## GIVEN INFORMATION
* * *

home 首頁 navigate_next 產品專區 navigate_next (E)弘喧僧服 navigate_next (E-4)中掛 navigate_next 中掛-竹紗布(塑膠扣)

* * *

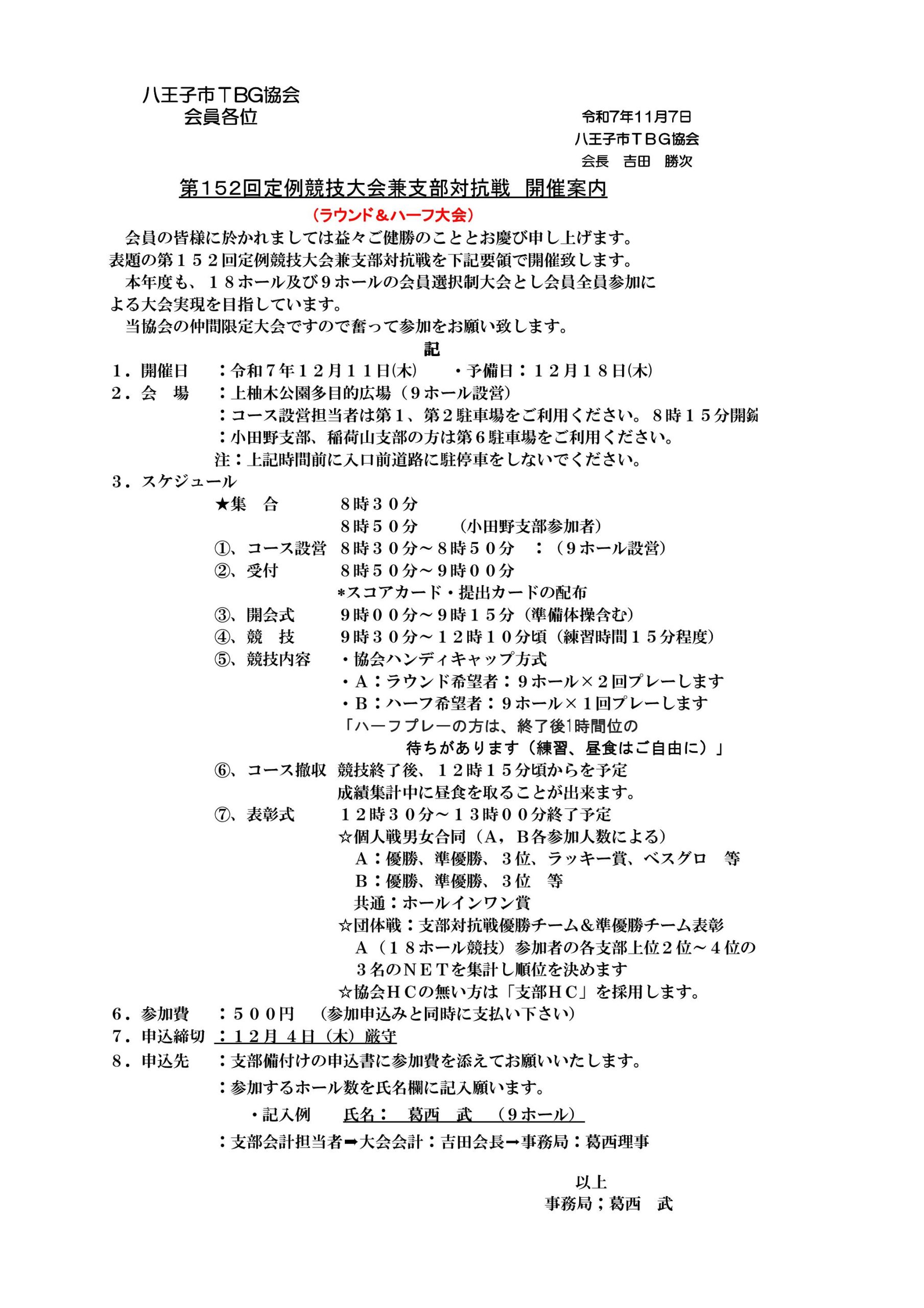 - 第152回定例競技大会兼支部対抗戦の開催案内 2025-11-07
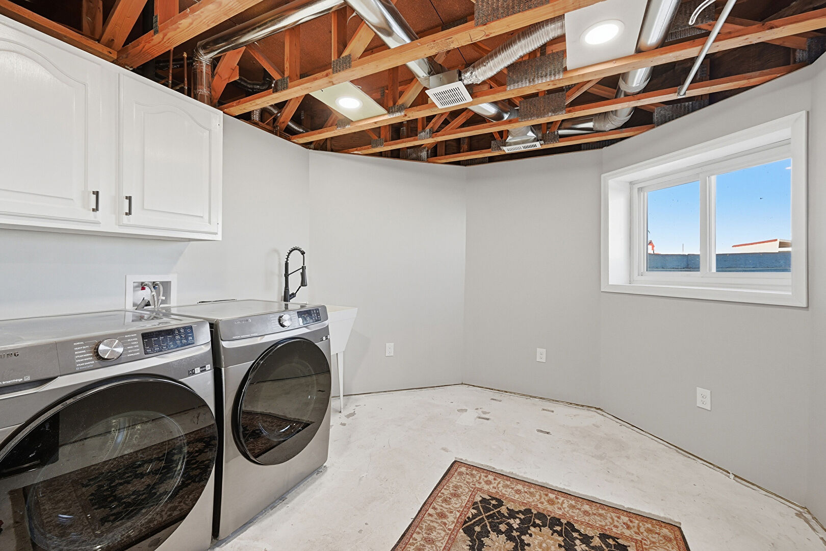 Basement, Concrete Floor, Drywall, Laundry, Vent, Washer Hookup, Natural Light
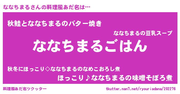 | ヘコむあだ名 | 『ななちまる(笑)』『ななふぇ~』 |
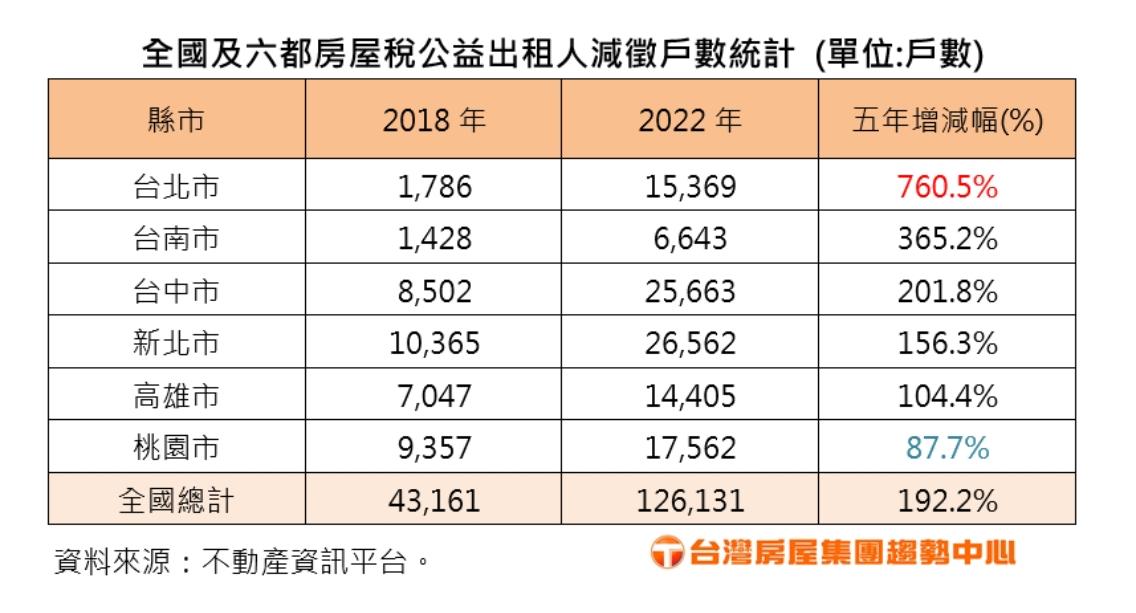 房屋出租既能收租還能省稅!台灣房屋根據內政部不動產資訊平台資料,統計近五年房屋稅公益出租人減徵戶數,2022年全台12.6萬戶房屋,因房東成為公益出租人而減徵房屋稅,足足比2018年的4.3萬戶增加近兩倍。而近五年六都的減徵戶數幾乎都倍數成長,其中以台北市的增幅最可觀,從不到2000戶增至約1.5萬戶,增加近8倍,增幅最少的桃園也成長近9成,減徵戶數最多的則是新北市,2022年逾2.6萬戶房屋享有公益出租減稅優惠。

* * *

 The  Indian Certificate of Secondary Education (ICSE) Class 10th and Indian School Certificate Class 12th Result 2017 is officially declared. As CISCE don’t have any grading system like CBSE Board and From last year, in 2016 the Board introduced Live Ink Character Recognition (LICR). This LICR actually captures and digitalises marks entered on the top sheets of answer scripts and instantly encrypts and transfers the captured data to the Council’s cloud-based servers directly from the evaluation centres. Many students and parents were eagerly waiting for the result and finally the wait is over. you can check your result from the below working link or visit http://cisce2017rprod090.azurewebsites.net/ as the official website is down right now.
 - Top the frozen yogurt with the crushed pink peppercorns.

* * *

## ACTIVITY
From the line that has "The  Indian Certificate" through the line that has "- Top the frozen", copy every line exactly as it appears above, and leave out all others.

## YOUR SOLUTION
 The  Indian Certificate of Secondary Education (ICSE) Class 10th and Indian School Certificate Class 12th Result 2017 is officially declared. As CISCE don’t have any grading system like CBSE Board and From last year, in 2016 the Board introduced Live Ink Character Recognition (LICR). This LICR actually captures and digitalises marks entered on the top sheets of answer scripts and instantly encrypts and transfers the captured data to the Council’s cloud-based servers directly from the evaluation centres. Many students and parents were eagerly waiting for the result and finally the wait is over. you can check your result from the below working link or visit http://cisce2017rprod090.azurewebsites.net/ as the official website is down right now.
 - Top the frozen yogurt with the crushed pink peppercorns.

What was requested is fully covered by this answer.